If singers could be weather conditions, Tift Merritt would be a soft autumn breeze. There’s something about her music that evokes change and remembrance of things past, much as the fall season does — and yet Merritt’s clear, wistful voice has a reassuring quality about it, a tone that seems to comfort even as her thematic concerns tend to address the melancholy side of life. On her latest album Another Country, the North Carolina singer/songwriter gets to the heart of numerous matters, with inspiration from an extended stay in Paris last year. It was a fateful trip, but Merritt didn’t go there intending to make a record…or really to do anything in particular.

"I went there thinking that I was just gonna kind of catch up on my sleep," said Merritt during a recent telephone chat. "I didn’t really think I had anything to say. But I found this apartment online that had a piano in it, and I thought, well heck, no point in missing this. So when I got there I really surprised myself, and I just started to write. Things like being away, being outside my own language, and being in a new place; it was just really fueling a fire that was very unexpected. So that was how I knew I’d stay. I called home and said I think I need to see this through. Something special is going on."

What was intended originally to just be a getaway for a few weeks ended up lasting much longer, and inspired some of the most stirring and poignant tunes Merritt has penned since her acclaimed 2002 debut Bramble Rose. That disc earned the sort of reviews that would spoil some artists. The Times of London called it "the best release by a new artist, in any genre." "Imagine the Rolling Stones recording a country album in Muscle Shoals with Dusty Springfield singing lead," declared a scribe at Amazon. It wouldn’t be the first time Merritt would be compared to Springfield, and other popular singers as well. Her 2004 release, Tambourine, was more stylistically varied than its predecessor and its title cut was one of the sauciest, most rockin’ numbers Merritt had recorded. But career-wise, she remained a slow burner, the type of artist you either discovered on your own or maybe decided to check out after reading one of those rave reviews. Merritt certainly doesn’t just churn product out for the sake of it.

"The work of being a musician today is not just, you put your record out and then you take a deep breath," she said. "I’ve been on tour pretty much without stopping since February.
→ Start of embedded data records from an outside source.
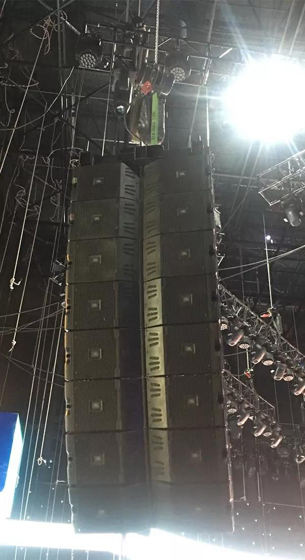 本次錄制使用20只JBL VTX線陣列揚(yáng)聲器搭配SOUNDCRAFT數(shù)字調(diào)音臺(tái),舞臺(tái)兩側(cè)主擴(kuò)聲各使用了8只雙10英寸JBL VTX V20全新線陣列揚(yáng)聲器,吊掛的高度約8米,使聲音從空間上可以完整均勻的覆蓋全部觀眾席;舞臺(tái)臺(tái)口兩側(cè)各落地?cái)[放2只JBL VTX S25超低音揚(yáng)聲器;保證了所有觀眾席的位置都能清晰的聽音,且音色平滑細(xì)膩。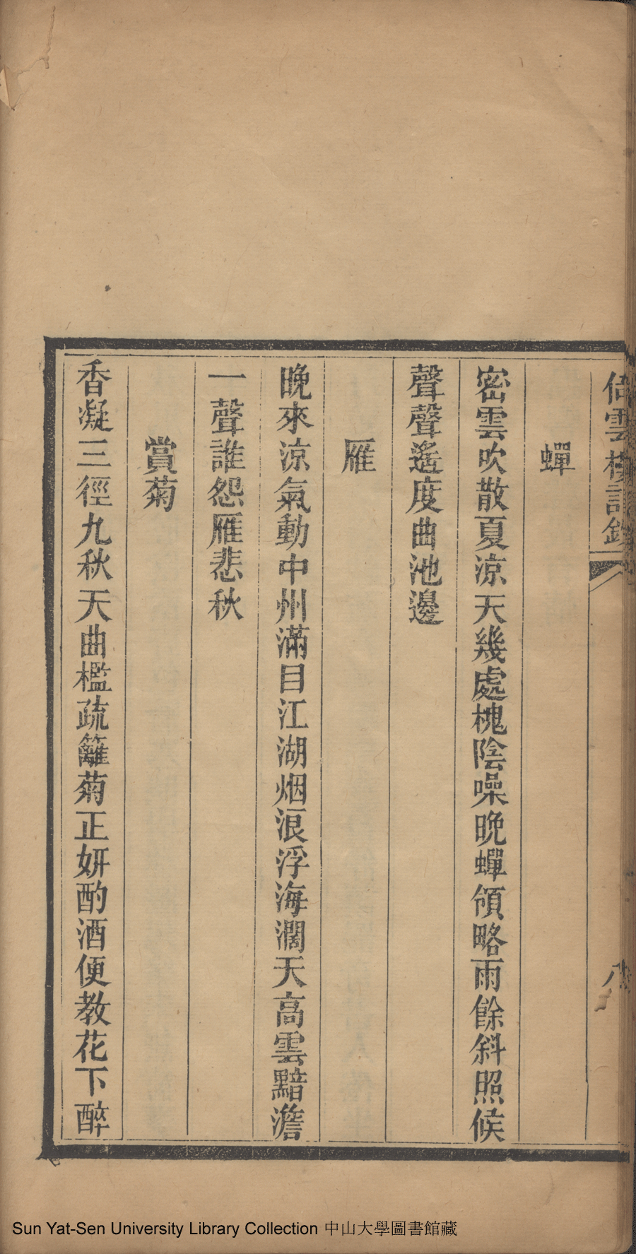 | (PRINT FRIENDLY VERSION) 倚雲樓詩鈔:一卷(清劉月娟撰)。民國元年(1912)刻本 ![]() 頁碼 : 詩鈔8b | 点 击 放 大 | 返回 |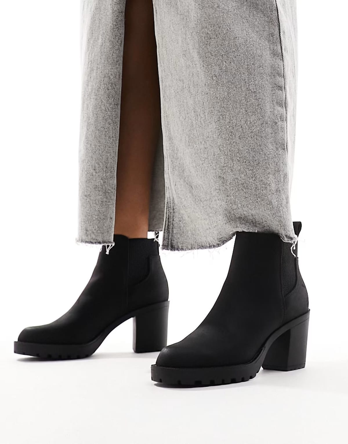 The ASOS Black Faux Leather Heeled Boot is made from faux leather.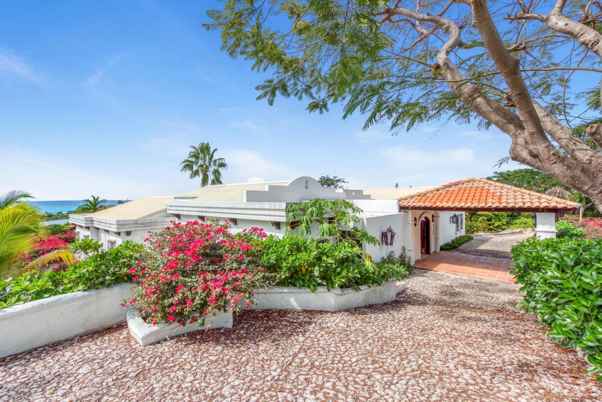 Hacienda is an elegant Spanish-Caribbean style villa designed to capture spectacular views and maximize outdoor living. The covered courtyard entrance with its Old World wooden doors, tiled floors and exotic plantings creates the perfect introduction to a stunning tropical view. Framed by royal palms and pink bougainvillea, the view is a panoramic vista filled with shades of blue from the sapphire sea to the deep blue sky; gorgeous in daytime; spectacular at sunset.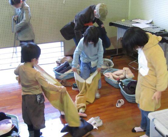着替えの練習も必要です。こんな感じで着替えていました。山猫の親分はお手伝いが必要でした!(^_^;)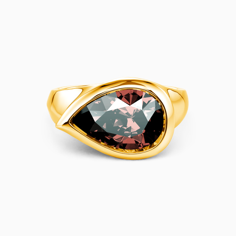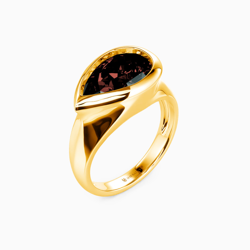 Showcase the ultimate grace and sheen of the pear-cut gemstone; the gorgeous solitaire engagement ring must be an eye-catching treasure in your jewelry box. Well-crafted with a polished shank, the sizable center stone is entirely wrapped by the sleek bezel. The charm of the modern design will show a new trend.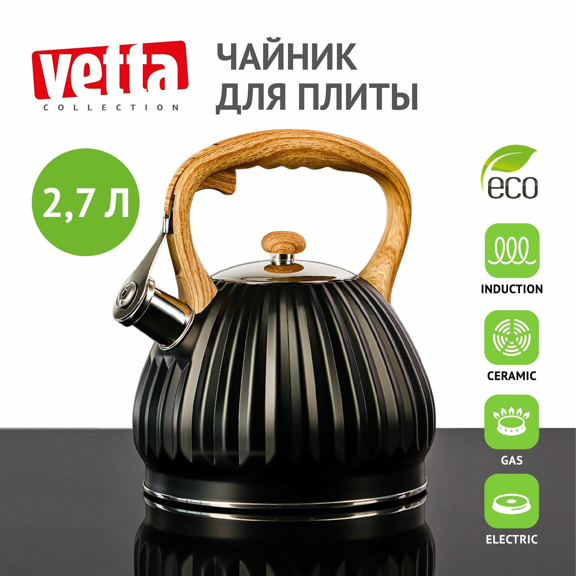 Купить Чайник со свистком 2,7 л для плиты VETTA "Винзен", нержавеющая сталь, черный, индукция

I’ve only had one week off."

Naturally it helps a touring artist if they have a barrelful of stirring new tunes to play, and Merritt’s sojourn to France proved fruitful in that regard. She was more surprised than anyone about this.

"There really and truly was no thought about making an album or whether anybody would like it. I was just writing for myself, trying to make sense of my life. I didn’t know what I was making, just that I was making something. And that’s a good feeling."
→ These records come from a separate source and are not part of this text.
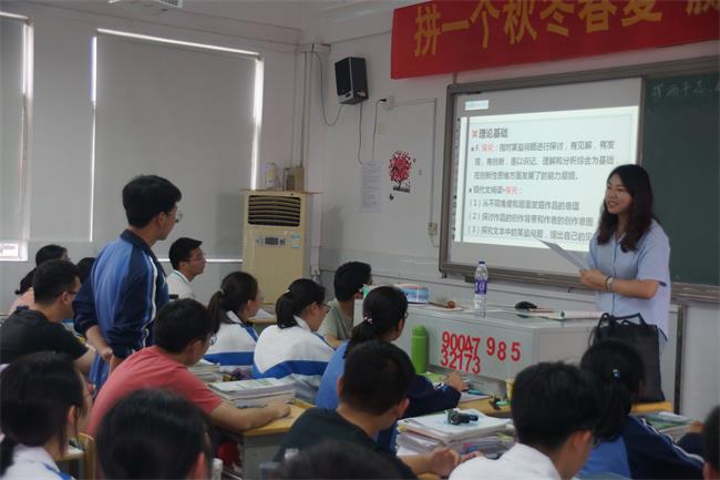 此次活动分为两个环节,首先由扬州中学的胡旻彦老师在高三(8)班开设了一节题为《文学类文本之探究题》的展示课。课堂上,胡老师教学目标明确,环节清晰,带领着学生有层次地进行类题探究,分析答题的角度,总结答题规律。在课堂中,在教师的引导启发下,学生的主体地位凸显,课堂效果显著。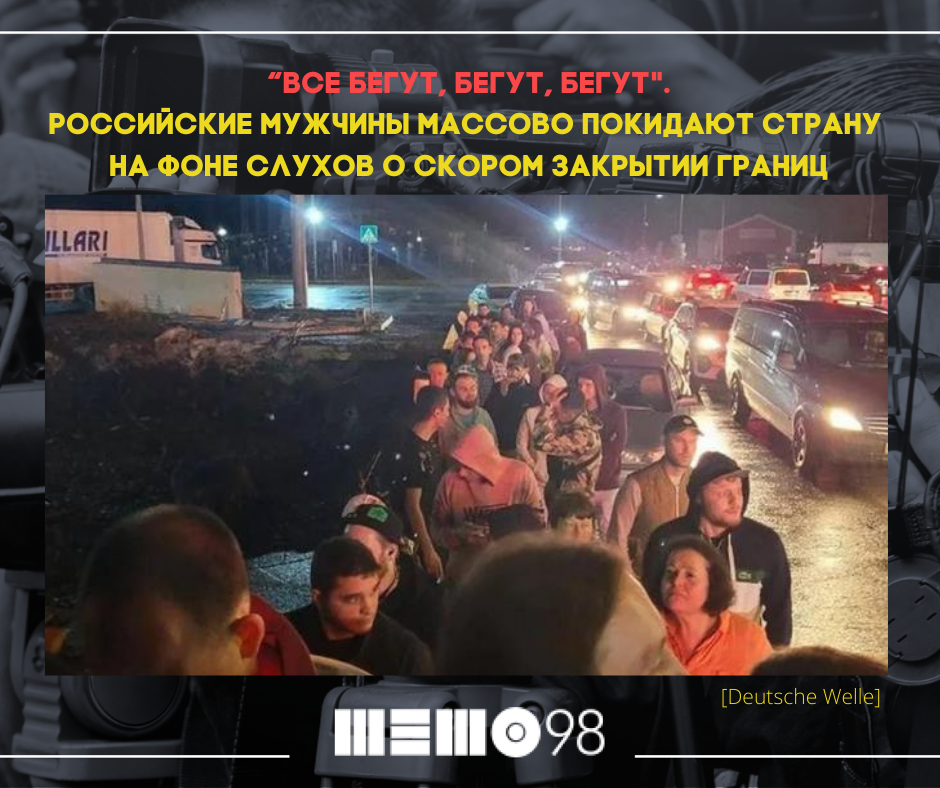 Российские мужчины призывного возраста массово покидают страну на фоне слухов о скором закрытии границ. Как сообщает (https://meduza.io/news/2022/09/25/istochniki-meduzy-soobschili-chto-muzhchinam-mobilizatsionnogo-vozrasta-posle-referendumov-zapretyat-vyezzhat-iz-rossii) независимый сайт «Медуза», власти России собираются закрыть границы для мужчин мобилизационного возраста, По словам источника, близкого к администрации президента РФ, наиболее вероятная дата введения запрета — 28 сентября.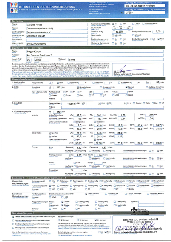 HD 1, ED 0, vWd-clear, D locus D/D, B locus B/b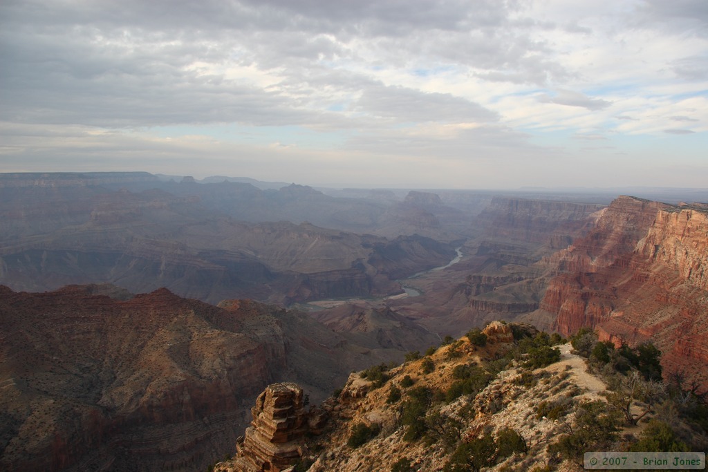 I would have actually enjoyed watching the day fade and the light change on the Watchtower, but I also wanted to go see an evening ranger talk on "River Stories" at the Shrine of Ages, and we needed to get back in time to eat dinner before the talk. Back at the hotel, we gathered Tina up and all four of us went to dinner at Maswik Cafeteria then took the shuttle to Shrine of the Ages for the evening program. The shuttle driver was a real ham, and had the whole bus laughing as he warned us about getting off at certain stops because of the roving gangs of squirrels. He also told us that a couple days prior, a mountain lion had been seen by a bunch of folks right near the Village. I spend tons of time in the back country and I've never seen a live mountain lion, and some people show up to take pictures from the rim and get to see one. Ah well, I've seen wonders they can't even dream of.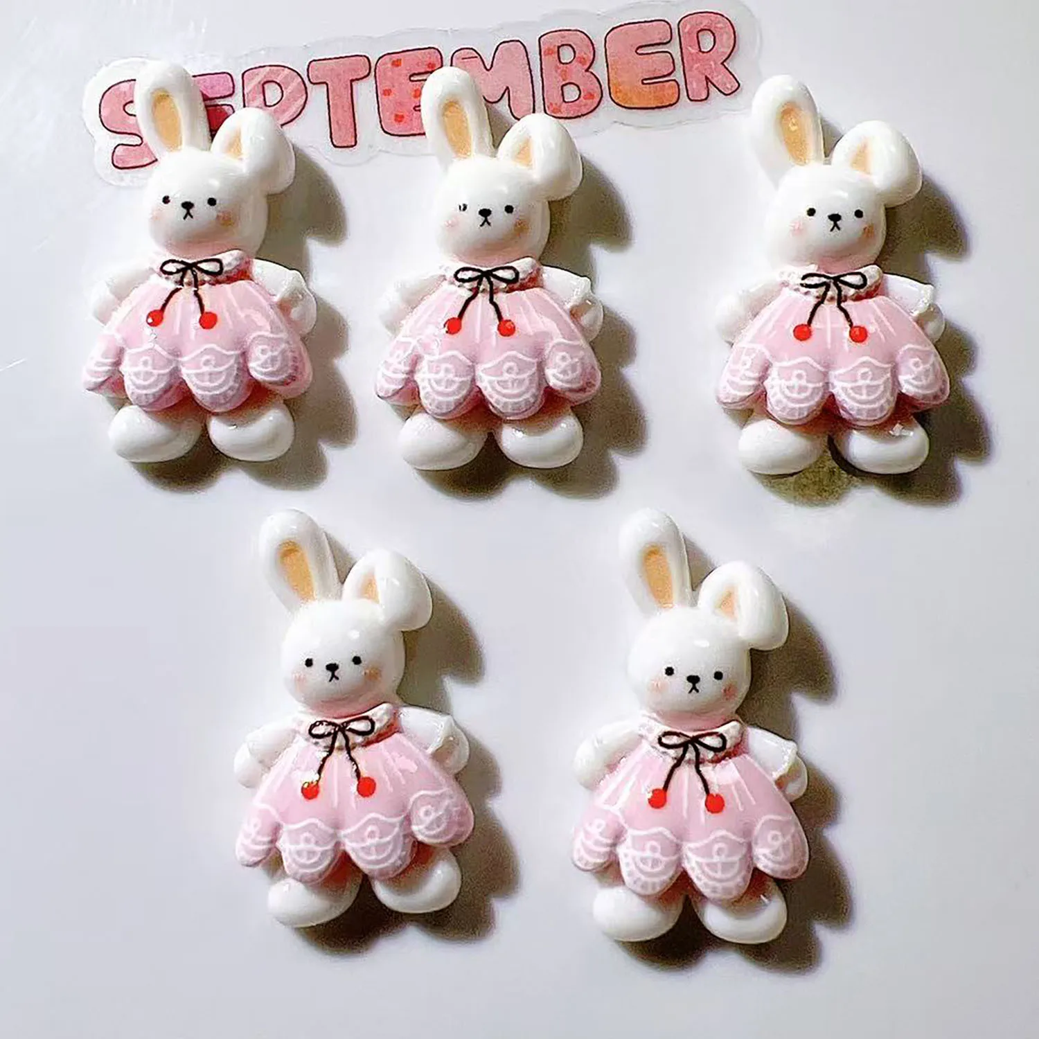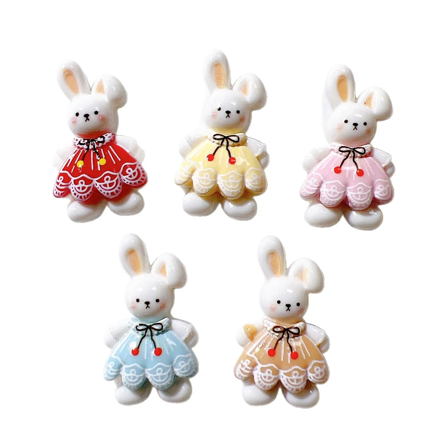 5PCS Cartoon cute rabbit resin pendant diy handmade princess dress rabbit accessory making for Keychain Phone case decoration

Another Country contains some of the loveliest vocals Merritt’s ever recorded, showing her fully inhabiting the songs and inviting the listener in. There’s the jangly folk rock of "Broken," Merritt’s delicate piano playing on the title song—which which finds her declaring that "Love is another country/ And I wanna go…Wanna go with you"—and the revealing "Hopes Too High," a gently loping acoustic tune that compels close listening. "No place to run for a girl like me/ A whole lot of used-to’s and supposed-to-be’s/ I wanna burn like August/ Shine like gold dust/ Where everyday living can’t hold me," Merritt sings in one verse, before delivering one of many unforgettable choruses on the disc. The effect is uncommonly intimate.
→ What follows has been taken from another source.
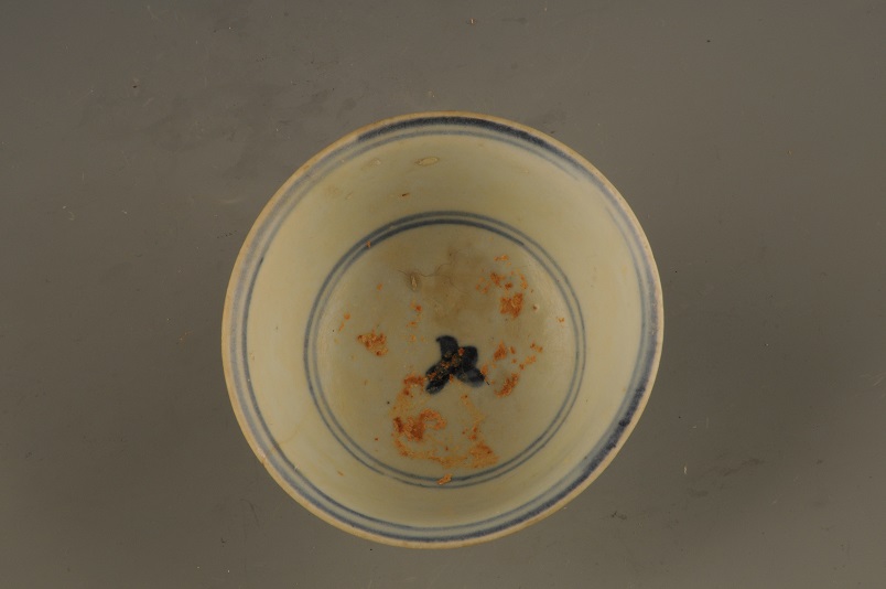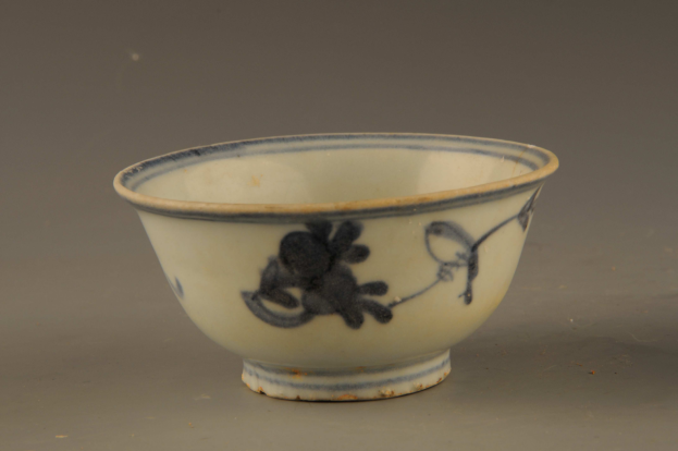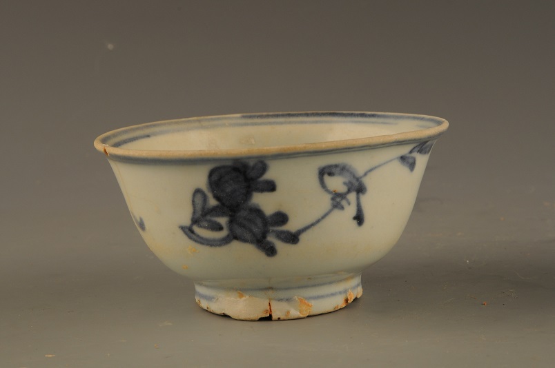 形态特征:口微撇,深孤壁,圈足。碗内壁近口沿处及内底以青料各绘二圈弦纹,碗外壁以青花花卉图案为饰。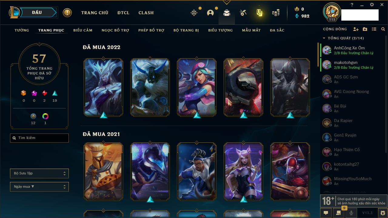 Rank Đơn: Vàng IIIKhung: VàngTướng: 171 - Còn 88128 THXTrang Phục: 329Rank ĐTCL: Chưa RankLinh Thú: 41

"I didn’t want this record to be overly delicate," said Merritt. "But I did want it to be a first-person experience, just one person extending a hand to another person, one person writing a letter to one other person. I didn’t want it to be some big, splashy in your face affair."

{mospagebreak}Perhaps the words "big" and "splashy" can’t accurately be ascribed to these songs, but adjectives such as "timeless" and "stirring" certainly apply to tunes like "I Know What I’m Looking For Now," easily one of Merritt’s finest songs to date. Virtually every line in this soft-rocking gem is quotable, as it starts with Merritt’s description of herself as a "mixed-up girl with plenty to hide," and proceeds to recount, in truly moving fashion, the little things that can make a difference in life and provoke deeper thought. The mix of wisdom and vulnerability in this song has such cumulative power that you can easily imagine it appearing in some film, to underscore a particularly climactic, memorable moment—perhaps where the main character gains new clarity.

"I’d say that’s probably the most autobiographical song on the record," said Merritt. "I felt like that song lyrically and musically came together pretty quickly. It sort of wrote itself, and that doesn’t happen all the time."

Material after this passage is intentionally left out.